Every Republican is campaigning on a theme of “repeal and replace” the Patient Protection and Affordable Care Act, known as ObamaCare; but, given recent comments from some Republicans, maybe it should be “repeal and embrace.”
Their newfound fondness for some ObamaCare mandates is reportedly based on the notion that they’re popular, not because they’re good policy—which is the very worst way to try and regulate the health insurance system. Or anything else, for that matter.
It’s a pattern we have seen before from Republicans with respect to health care legislation—e.g., the Health Insurance Portability and Accountability Act of 1996 and State Children’s Health Insurance Program of 1997, to name two. These Republicans adamantly denounce and oppose liberal Democratic reforms, but eventually embrace a Democratic-lite version and claim it’s the free market approach.
Most costly mandate
Republicans are considering retaining the most costly of the act’s mandates: The requirement that health insurers accept any applicant regardless of health status, known as “guaranteed issue.”
Polls show that most people think that if they’re uninsured and have a pre-existing medical condition they should be able to get health coverage. But that goal can be achieved without the pre-existing condition mandate, which only encourages people to game the system by waiting until they need coverage to get it. That’s one reason Democrats included the individual mandate requiring people to have coverage.
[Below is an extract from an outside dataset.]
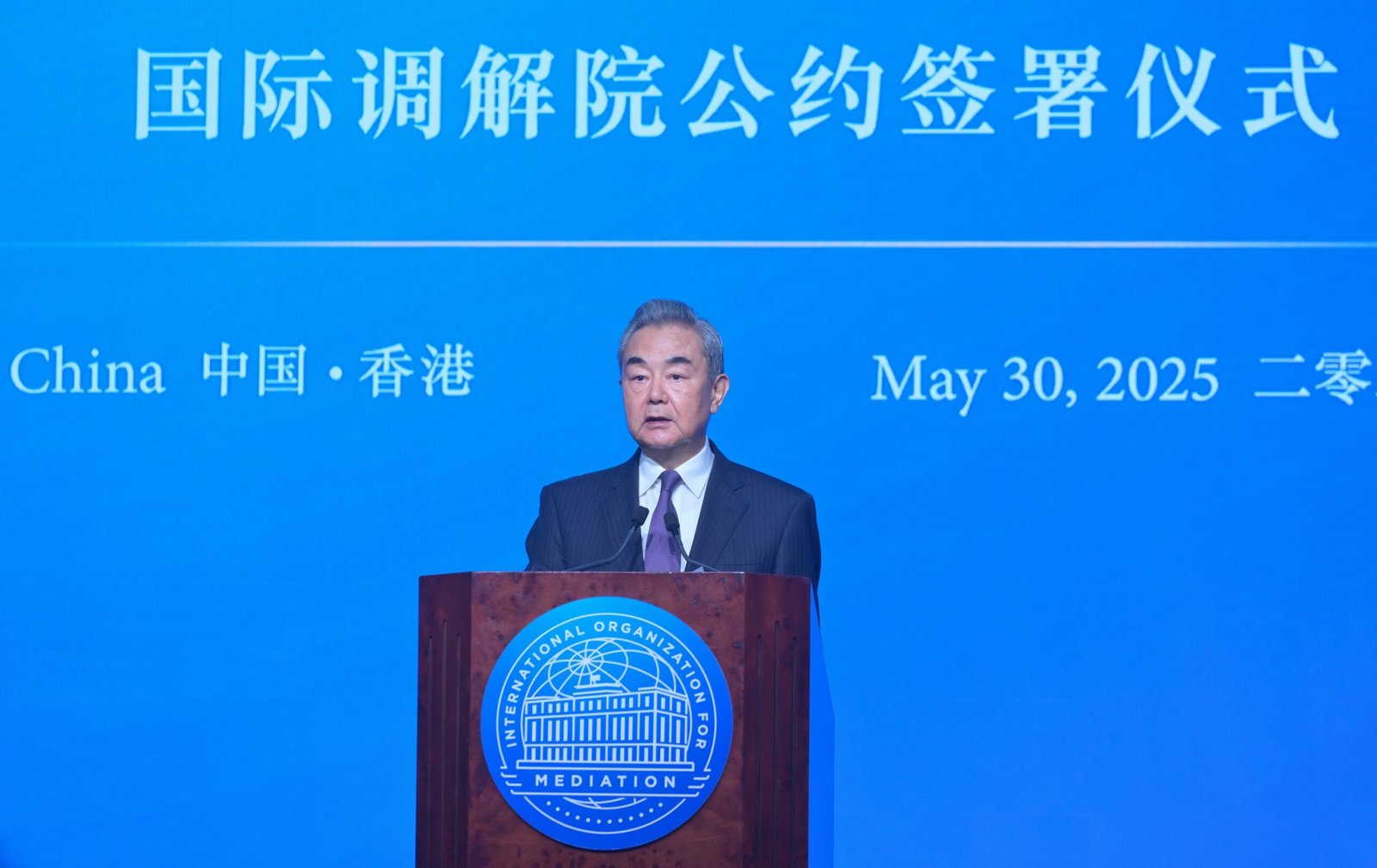Member of the Political Bureau of the Communist Party of China Central Committee and Minister of Foreign Affairs of the People’s Republic of China, Wang Yi, speaks at the Signing Ceremony of the Convention on the Establishment of the International Organization for Mediation and is the first to sign the Convention on behalf of China.

Under guaranteed issue, many people, especially the young and healthy, drop their coverage knowing they can return if they need expensive medical care, leaving the pool very small, very sick and very expensive.
How expensive? When President Bill Clinton and Hillary Clinton attempted to socialize the U.S. health care system in the early 1990s, Democrats in eight states—New Jersey, Massachusetts, Vermont, New York, Maine, New Hampshire, Washington and Kentucky—imposed guaranteed issue without a coverage mandate in their individual market, where individuals buy their own health insurance. That’s essentially what some Republicans are now suggesting. (Note: employer-based group health insurance, which covers 165 million Americans, has been guaranteed issue for years.)
Between 1994, when guaranteed issue went into effect, and 2004 (when a book, “Destroying Health Insurance Markets,” comparing the changes was published), the monthly premium for a Plan D ($500 deductible) family policy sold by Aetna grew from $769 to $6,025 a month; Blue Cross Blue Shield of New Jersey’s family policy rose from $695 to $5,239 a month; and Fortis’s went from $847 to an unbelievable $17,356 a month.
In order to mitigate some of the gaming, some people are suggesting an annual “open season,” which allows people to obtain coverage or switch health insurers during a designated time. The Federal Employees Health Benefits Plan has such an annual open season.
However, the man who used to manage the traditional health plans in the Federal Employees Health Benefits Plan once told me people still gamed the system, even though he did his best to stop it.
What successful states do right
The better solution—and one that most Republicans and many Democrats support—is a state-based high-risk pool. Thirty-five states had already established such pools, covering about 222,000 uninsurable Americans, when the Affordable Care Act was passed.
Strangely, the act actually created a new, mostly redundant, system of high-risk pools until guaranteed issue takes effect in 2014. However, the Obamacare version never attracted the hundreds of thousands of enrollees it predicted—only about 62,000 people are currently enrolled.
The pools provide several health insurance options and usually operate through a state insurer, like the Blue Cross Plan. Premiums are higher than a standard policy, and yet all the pools still lose money. All the pools lose money because these are people with pre-existing medical conditions, some very expensive, and the premiums do not cover the costs. In most states the difference is made up by assessing health insurers, though some states use tax money or lottery income.
The successful states keep the premiums in the range of 125 percent to 150 percent of a standard premium. They make coverage available to people who have been denied coverage by an insurer, or to those whose premiums would be significantly higher than a standard premium. And successful states don’t put caps on how many people can participate in the pool or on how long they can participate.
By contrast, the high risk pools in
By working with the current state-based high risk pools, Republicans could abandon guaranteed issue while ensuring there is an adequate safety net for those with a pre-existing condition, which would help keep private health insurance pools large and more affordable.
If Republicans embrace guaranteed issue instead, they will also have to impose a coverage mandate, which every Republican denounces, or destroy the individual health insurance market, just as Democrats in those eight states did.